__Records shown__:
━━━━
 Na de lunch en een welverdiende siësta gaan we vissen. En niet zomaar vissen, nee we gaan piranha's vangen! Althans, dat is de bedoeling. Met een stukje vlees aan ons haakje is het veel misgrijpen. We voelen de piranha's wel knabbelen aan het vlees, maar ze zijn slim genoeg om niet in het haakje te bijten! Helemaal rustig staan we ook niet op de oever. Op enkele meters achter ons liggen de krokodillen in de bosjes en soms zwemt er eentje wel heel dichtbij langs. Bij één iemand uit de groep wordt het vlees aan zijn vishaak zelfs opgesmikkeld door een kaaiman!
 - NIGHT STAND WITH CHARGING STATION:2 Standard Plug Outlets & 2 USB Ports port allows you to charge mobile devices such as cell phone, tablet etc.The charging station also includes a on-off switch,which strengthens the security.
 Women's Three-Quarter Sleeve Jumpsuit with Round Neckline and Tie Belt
━━━━
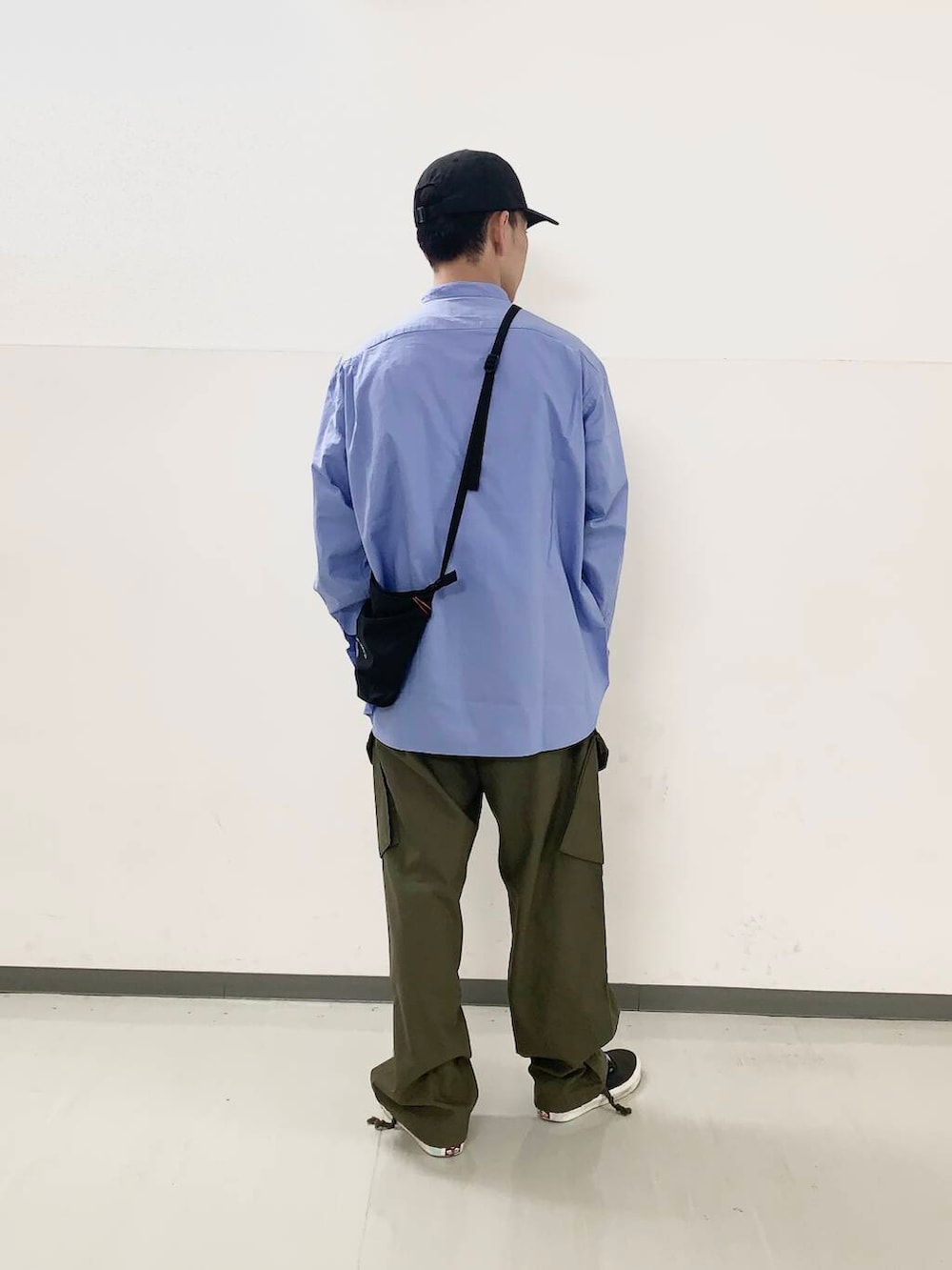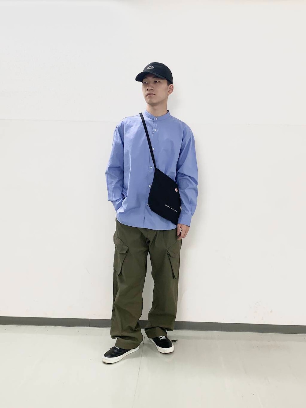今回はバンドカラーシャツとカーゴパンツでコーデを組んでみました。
━━━━
Take the records above and return, word for word, only the lines that fall from the line with "- NIGHT STAND" to the line with "Women's Three-Quarter Sleeve", both of them included.

 - NIGHT STAND WITH CHARGING STATION:2 Standard Plug Outlets & 2 USB Ports port allows you to charge mobile devices such as cell phone, tablet etc.The charging station also includes a on-off switch,which strengthens the security.
 Women's Three-Quarter Sleeve Jumpsuit with Round Neckline and Tie Belt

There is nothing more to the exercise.